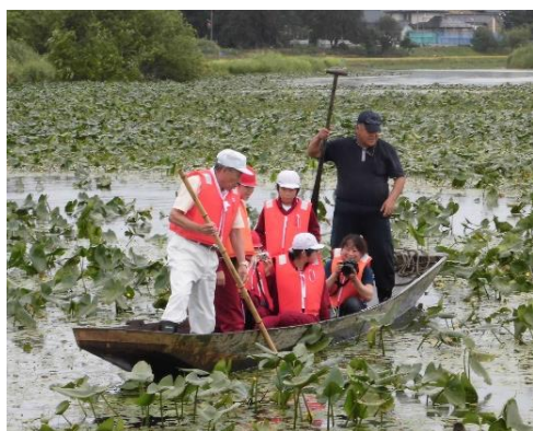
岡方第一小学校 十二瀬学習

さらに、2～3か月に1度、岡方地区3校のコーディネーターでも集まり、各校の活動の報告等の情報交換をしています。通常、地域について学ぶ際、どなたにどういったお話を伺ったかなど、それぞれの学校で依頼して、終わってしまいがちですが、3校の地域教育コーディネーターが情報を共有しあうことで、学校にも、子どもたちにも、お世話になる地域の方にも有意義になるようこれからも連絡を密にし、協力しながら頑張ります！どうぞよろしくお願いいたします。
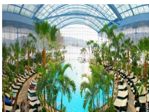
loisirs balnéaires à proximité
---
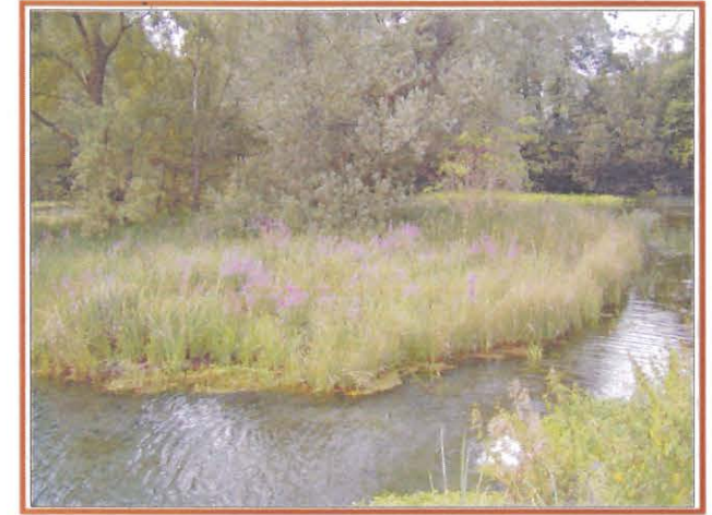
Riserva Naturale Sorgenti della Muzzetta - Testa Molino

Problem description:
All that should be printed is the run of lines above from the one with "さらに、2～3か月に1度、岡" through the one with "loisirs balnéaires à proximité", both included, exactly as given, with pictures left out.

Your response:
さらに、2～3か月に1度、岡方地区3校のコーディネーターでも集まり、各校の活動の報告等の情報交換をしています。通常、地域について学ぶ際、どなたにどういったお話を伺ったかなど、それぞれの学校で依頼して、終わってしまいがちですが、3校の地域教育コーディネーターが情報を共有しあうことで、学校にも、子どもたちにも、お世話になる地域の方にも有意義になるようこれからも連絡を密にし、協力しながら頑張ります！どうぞよろしくお願いいたします。
loisirs balnéaires à proximité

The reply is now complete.